» **Instructions for the task**: Since the copy must hold text only, transcribe the data below exactly and omit the images.

Records excerpted from a collection:
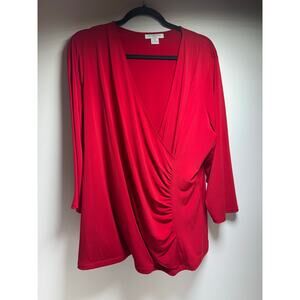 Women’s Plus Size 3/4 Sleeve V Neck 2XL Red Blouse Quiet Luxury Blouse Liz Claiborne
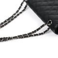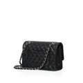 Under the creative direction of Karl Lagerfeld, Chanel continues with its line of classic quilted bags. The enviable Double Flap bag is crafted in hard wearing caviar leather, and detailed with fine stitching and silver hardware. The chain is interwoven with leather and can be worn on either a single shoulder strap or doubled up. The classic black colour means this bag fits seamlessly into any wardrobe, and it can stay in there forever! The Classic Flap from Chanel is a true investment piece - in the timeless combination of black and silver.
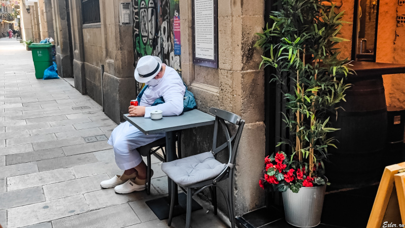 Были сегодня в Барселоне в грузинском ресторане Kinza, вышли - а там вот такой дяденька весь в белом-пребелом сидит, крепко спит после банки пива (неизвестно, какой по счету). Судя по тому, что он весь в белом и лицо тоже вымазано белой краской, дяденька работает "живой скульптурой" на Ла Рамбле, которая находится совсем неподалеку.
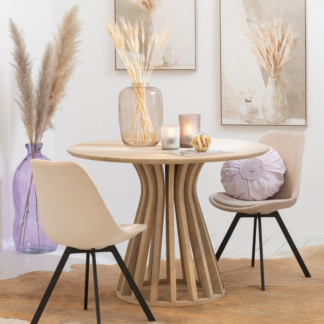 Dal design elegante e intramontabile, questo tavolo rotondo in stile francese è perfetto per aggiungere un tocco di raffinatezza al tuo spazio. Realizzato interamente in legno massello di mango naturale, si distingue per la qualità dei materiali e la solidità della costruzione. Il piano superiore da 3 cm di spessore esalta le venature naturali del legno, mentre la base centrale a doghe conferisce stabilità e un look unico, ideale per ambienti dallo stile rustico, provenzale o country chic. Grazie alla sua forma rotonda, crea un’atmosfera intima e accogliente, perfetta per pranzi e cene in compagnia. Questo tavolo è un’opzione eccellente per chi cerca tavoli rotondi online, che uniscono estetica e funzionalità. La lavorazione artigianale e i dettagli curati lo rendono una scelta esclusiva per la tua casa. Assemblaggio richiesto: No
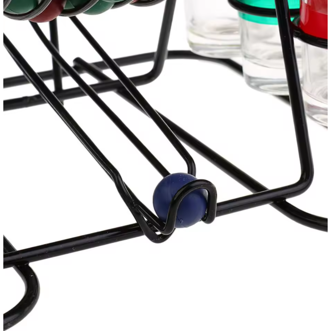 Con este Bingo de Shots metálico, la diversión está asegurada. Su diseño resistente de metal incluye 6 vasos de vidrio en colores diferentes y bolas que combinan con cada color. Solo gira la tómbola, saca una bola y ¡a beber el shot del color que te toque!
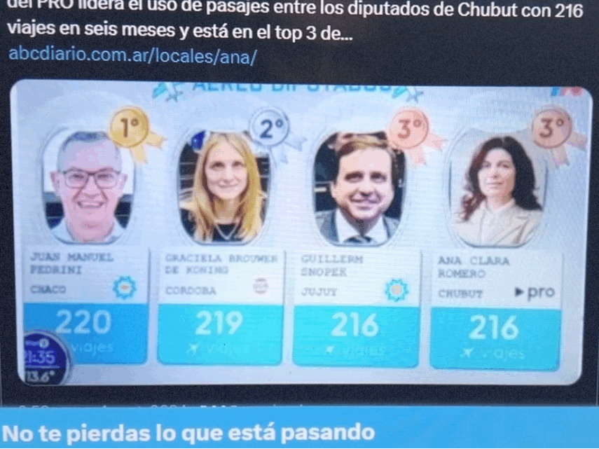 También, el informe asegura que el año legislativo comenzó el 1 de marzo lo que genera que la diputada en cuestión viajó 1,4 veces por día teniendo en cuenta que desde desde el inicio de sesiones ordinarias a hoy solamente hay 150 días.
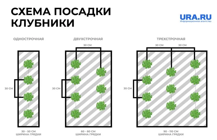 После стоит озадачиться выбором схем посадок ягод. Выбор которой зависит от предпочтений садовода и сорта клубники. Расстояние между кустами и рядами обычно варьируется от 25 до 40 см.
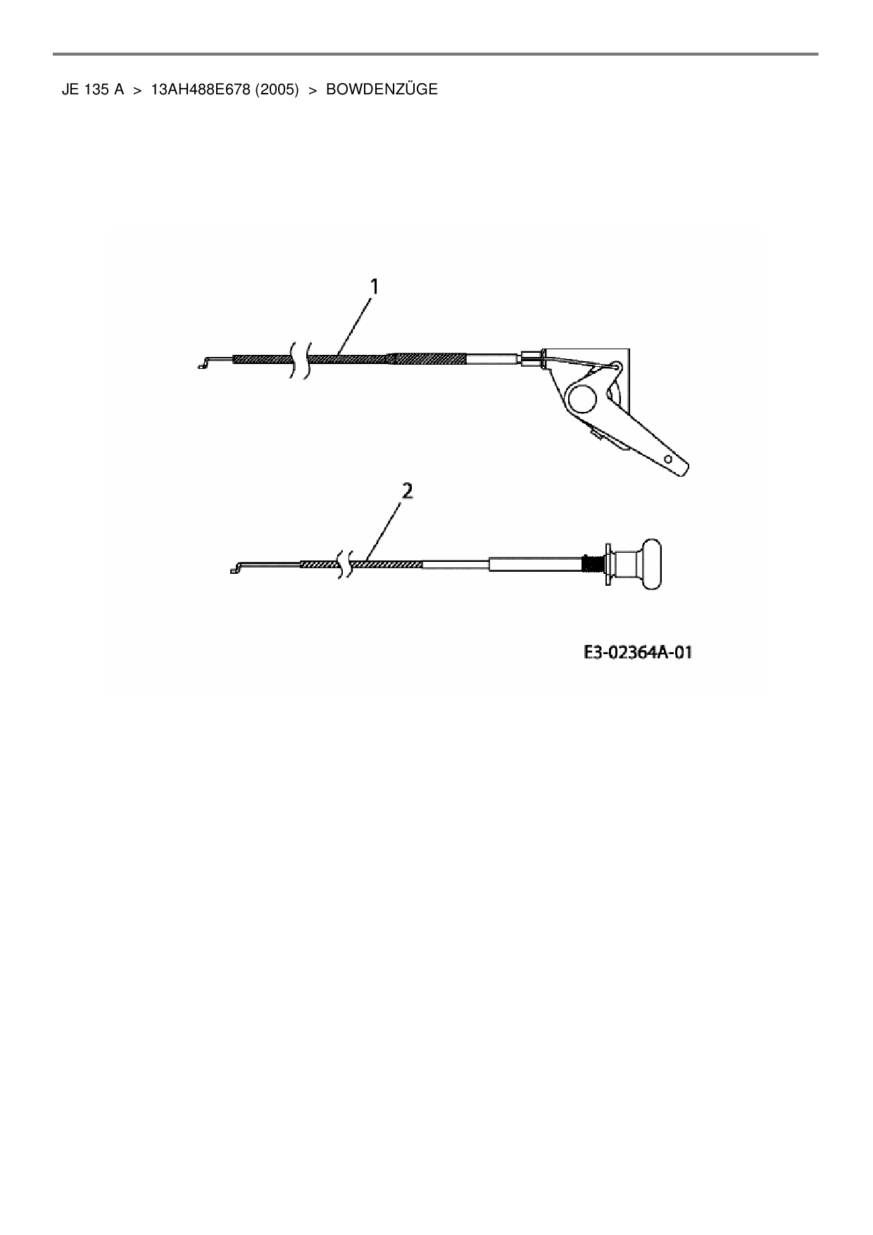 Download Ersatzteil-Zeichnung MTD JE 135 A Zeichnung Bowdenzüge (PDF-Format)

» **Answer space**:
 Women’s Plus Size 3/4 Sleeve V Neck 2XL Red Blouse Quiet Luxury Blouse Liz Claiborne
 Under the creative direction of Karl Lagerfeld, Chanel continues with its line of classic quilted bags. The enviable Double Flap bag is crafted in hard wearing caviar leather, and detailed with fine stitching and silver hardware. The chain is interwoven with leather and can be worn on either a single shoulder strap or doubled up. The classic black colour means this bag fits seamlessly into any wardrobe, and it can stay in there forever! The Classic Flap from Chanel is a true investment piece - in the timeless combination of black and silver.
 Были сегодня в Барселоне в грузинском ресторане Kinza, вышли - а там вот такой дяденька весь в белом-пребелом сидит, крепко спит после банки пива (неизвестно, какой по счету). Судя по тому, что он весь в белом и лицо тоже вымазано белой краской, дяденька работает "живой скульптурой" на Ла Рамбле, которая находится совсем неподалеку.
 Dal design elegante e intramontabile, questo tavolo rotondo in stile francese è perfetto per aggiungere un tocco di raffinatezza al tuo spazio. Realizzato interamente in legno massello di mango naturale, si distingue per la qualità dei materiali e la solidità della costruzione. Il piano superiore da 3 cm di spessore esalta le venature naturali del legno, mentre la base centrale a doghe conferisce stabilità e un look unico, ideale per ambienti dallo stile rustico, provenzale o country chic. Grazie alla sua forma rotonda, crea un’atmosfera intima e accogliente, perfetta per pranzi e cene in compagnia. Questo tavolo è un’opzione eccellente per chi cerca tavoli rotondi online, che uniscono estetica e funzionalità. La lavorazione artigianale e i dettagli curati lo rendono una scelta esclusiva per la tua casa. Assemblaggio richiesto: No
 Con este Bingo de Shots metálico, la diversión está asegurada. Su diseño resistente de metal incluye 6 vasos de vidrio en colores diferentes y bolas que combinan con cada color. Solo gira la tómbola, saca una bola y ¡a beber el shot del color que te toque!
 También, el informe asegura que el año legislativo comenzó el 1 de marzo lo que genera que la diputada en cuestión viajó 1,4 veces por día teniendo en cuenta que desde desde el inicio de sesiones ordinarias a hoy solamente hay 150 días.
 После стоит озадачиться выбором схем посадок ягод. Выбор которой зависит от предпочтений садовода и сорта клубники. Расстояние между кустами и рядами обычно варьируется от 25 до 40 см.
 Download Ersatzteil-Zeichnung MTD JE 135 A Zeichnung Bowdenzüge (PDF-Format)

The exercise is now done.